セルフアセスメント結果のフィードバック すべての取引先
  • セルフアセスメントの結果について、フィードバックを実施しています。
  • フィードバックには、ベンチマークデータも含まれます。
  • ハイリスクに該当した取引先については、具体的な是正アクションを提案するなどの支援を行っています。
eラーニング
(EcoVadisアカデミー)
戦略サプライヤー
  • EcoVadis加入済みサプライヤー向けeラーニング「EcoVadisアカデミー」の受講を推奨しています。

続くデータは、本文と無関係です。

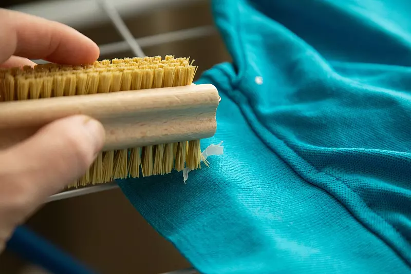 Und so geht's: Das Kleidungsstück zunächst trocknen lassen. Anschließend mit einer Nagelbürste vorsichtig über den Stoff fahren und die Taschentuchreste so wegbürsten.

また、近年は以下の説明会、セミナーを実施しました。今後もより多くのサプライヤーへ教育プログラムを提供できるよう検討を進めています。

項目 対象 詳細
EcoVadis説明会
(2021年~2022年)
すべての取引先
  • EcoVadis を活用する背景、 EcoVadis の評価方法・加入のメリット・回答のプロセスなどについてEcoVadis社と合同で説明会を実施しました。
CDP説明会
(2023年5月)
日本の取引先
  • 取引先の環境パフォーマンス向上を目的とし、CDPと合同でCDPの回答方法に関する説明会を実施しました。
サステナビリティ
方針説明会
(2023年・2024年)
日本の取引先
(2023年11月)
中国の取引先
(2024年6月)
  • サステナビリティ活動における取引先とのエンゲージメント強化のため、中期目標やサプライヤーアセスメントプログラムの推進などについて説明会を実施しました。
EcoVadisスコアアップ
セミナー(2024年6月)
新規受審の取引先および一定スコア未満の取引先
  • EcoVadis加入済みの取引先を対象に、EcoVadisのスコアアップやESGのパフォーマンスを向上するために必要なスキル、取り組みについてセミナーを実施しています。

責任ある調達に関連したイニシアティブの参加

当社は2022年より、化粧品業界のサステナビリティに関連したイニシアティブであるRBI(Responsible Beauty Initiative)に参加しています。メンバー企業間でのベストプラクティスの共有や業界全体での課題に関するディスカッションを通じて、化粧品業界におけるサプライチェーン全体のサステナビリティ向上に努めています。